===== DATA SECTION

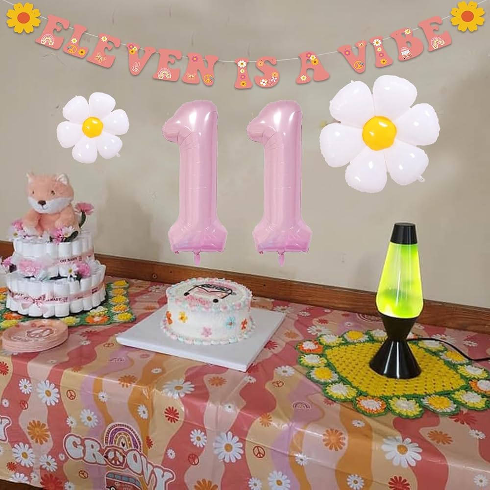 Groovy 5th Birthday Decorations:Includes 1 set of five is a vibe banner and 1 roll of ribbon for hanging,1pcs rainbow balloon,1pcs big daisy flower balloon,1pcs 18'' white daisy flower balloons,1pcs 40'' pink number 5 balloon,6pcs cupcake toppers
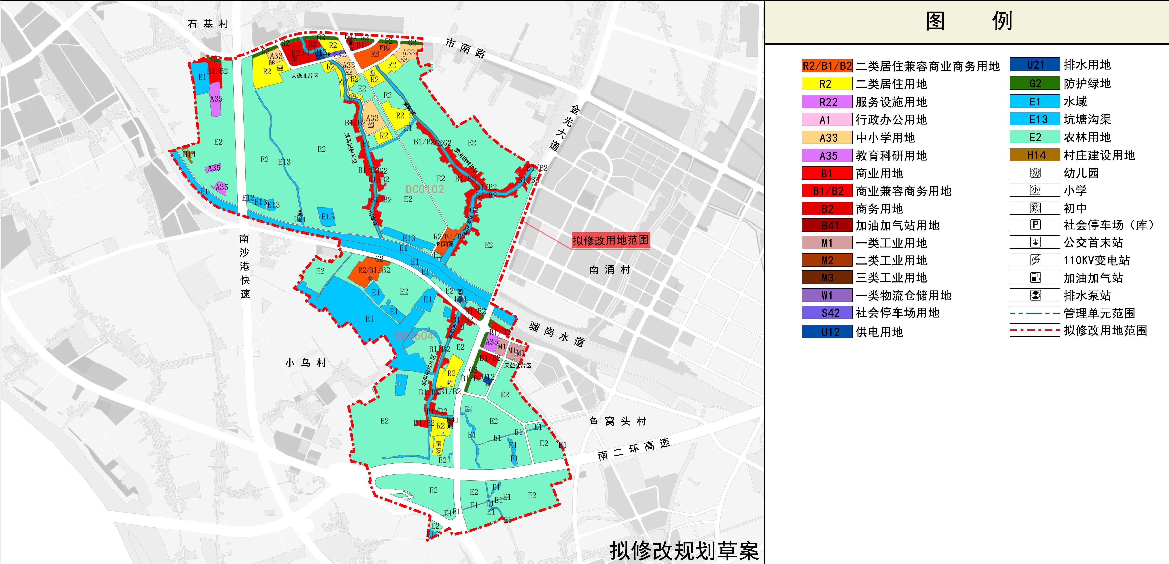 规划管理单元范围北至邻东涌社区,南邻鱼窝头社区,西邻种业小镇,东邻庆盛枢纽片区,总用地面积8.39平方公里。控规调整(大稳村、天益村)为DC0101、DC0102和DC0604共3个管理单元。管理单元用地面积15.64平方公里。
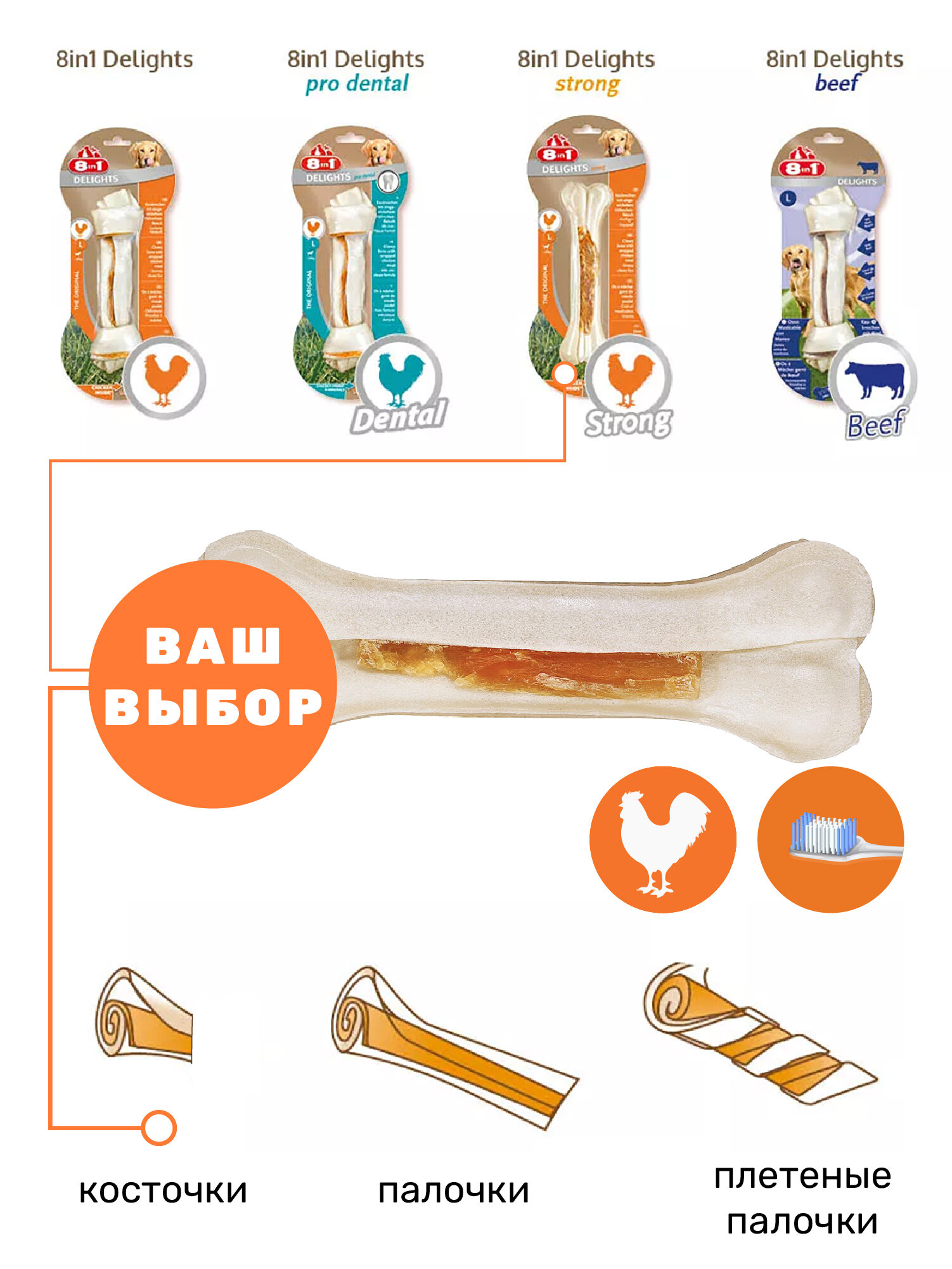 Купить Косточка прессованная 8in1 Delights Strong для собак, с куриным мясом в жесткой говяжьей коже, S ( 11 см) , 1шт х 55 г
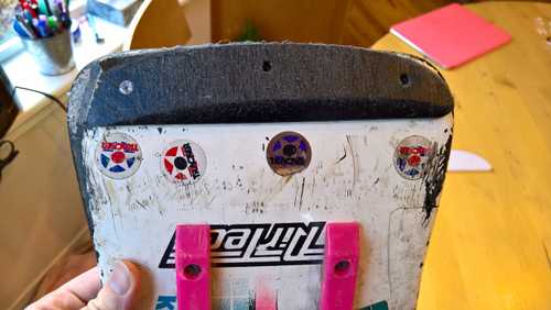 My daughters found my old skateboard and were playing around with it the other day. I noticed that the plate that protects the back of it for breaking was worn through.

==========

BRIEF ->
Pictures stay out; reproduce exactly the lines from the one containing "规划管理单元范围北至邻东涌社" through the end of the data.

ANSWER FOR THIS EXERCISE ->
 规划管理单元范围北至邻东涌社区,南邻鱼窝头社区,西邻种业小镇,东邻庆盛枢纽片区,总用地面积8.39平方公里。控规调整(大稳村、天益村)为DC0101、DC0102和DC0604共3个管理单元。管理单元用地面积15.64平方公里。
 Купить Косточка прессованная 8in1 Delights Strong для собак, с куриным мясом в жесткой говяжьей коже, S ( 11 см) , 1шт х 55 г
 My daughters found my old skateboard and were playing around with it the other day. I noticed that the plate that protects the back of it for breaking was worn through.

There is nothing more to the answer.